DATA PROVIDED ::
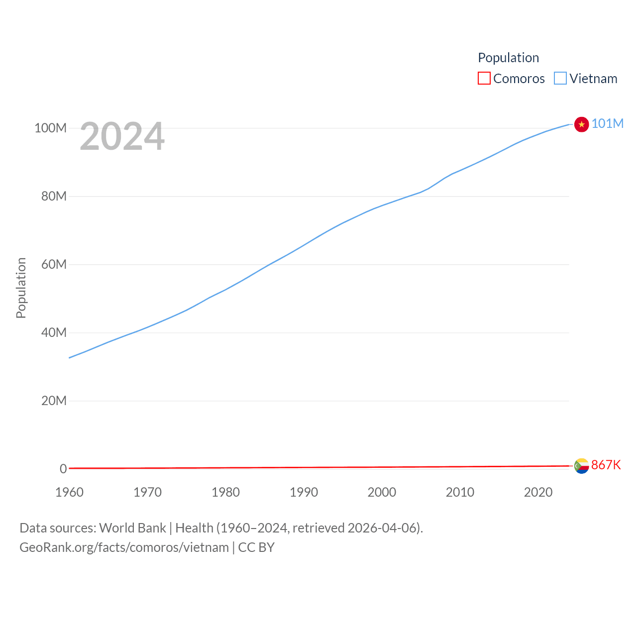 Comoros has a population of 867K (ranked 160/197), compared with 101M in Vietnam (ranked 16/197). Comoros' land area is 719 sq mi versus 121,016 sq mi for Vietnam (ranked 171st vs. 67th).
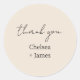Un sticker mariage chic et élégant, "merci", avec des noms de couple dans un ensemble contemporain de polices noires contre un arrière - plan couleur pêche légère. Cet article fait partie d'une suite de mariages contenant des invitations et stationnaire dans une variété d'articles neutres mélangés et assortis. .
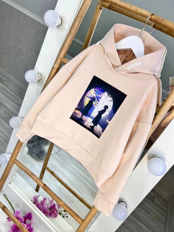 Стильне худі з улюленою Wednesday тканина 2нитка худі з капюшоном, на рукавчиках є манжет, прикрашене подвійним прогумованим накатом 146-51\60\48 152-53\62\50 персик 146,152 блакитний 146,152 жовтий 152
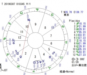 JUGEMテーマ:星占い・星読み・占星術 新月満月のメ-ルマガジンのご登録はこちらです。 よろしければご利用ください 3月7日の新月図です。 満月時には気が向いたらUPしますが、新月時には こんな感じで読んでますー、的に書いています。 今回のポイントはこんな感じです。 ・水星が逆行中(ちょっとこの図ではわかりにくいです) ・天体が下半分に集中 ・新月が3室、15度で起きている(前回は1室15度) ・太陽から水星までがうお座に ・その他 人によって着眼点が異なってくる面もあります...
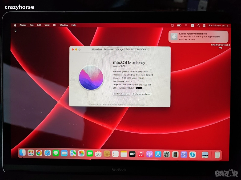 Лаптоп MacBook (A1534) Retina, 12-inch, Early 2016 → Обява 52638864
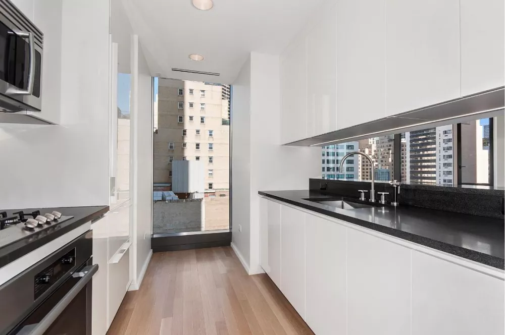 The kitchen is a windowed pass through featuring top of the line appliances from Sub Zero, Miele and Bosch. It includes white Poliform lacquered cabinets throughout, granite countertops, and ceramic tile backsplash. A Miele washer/dryer unit is available in the apartment.

WHAT TO DO :: Find the line with "JUGEMテーマ:星占い・星読み・占星術 新月満月のメ-ルマガジンのご登録はこちらです。 よろしければご利用ください". Return it and each line after it through the end of the data, exactly, without pictures.

ANSWER SECTION ::
 JUGEMテーマ:星占い・星読み・占星術 新月満月のメ-ルマガジンのご登録はこちらです。 よろしければご利用ください 3月7日の新月図です。 満月時には気が向いたらUPしますが、新月時には こんな感じで読んでますー、的に書いています。 今回のポイントはこんな感じです。 ・水星が逆行中(ちょっとこの図ではわかりにくいです) ・天体が下半分に集中 ・新月が3室、15度で起きている(前回は1室15度) ・太陽から水星までがうお座に ・その他 人によって着眼点が異なってくる面もあります...
 Лаптоп MacBook (A1534) Retina, 12-inch, Early 2016 → Обява 52638864
 The kitchen is a windowed pass through featuring top of the line appliances from Sub Zero, Miele and Bosch. It includes white Poliform lacquered cabinets throughout, granite countertops, and ceramic tile backsplash. A Miele washer/dryer unit is available in the apartment.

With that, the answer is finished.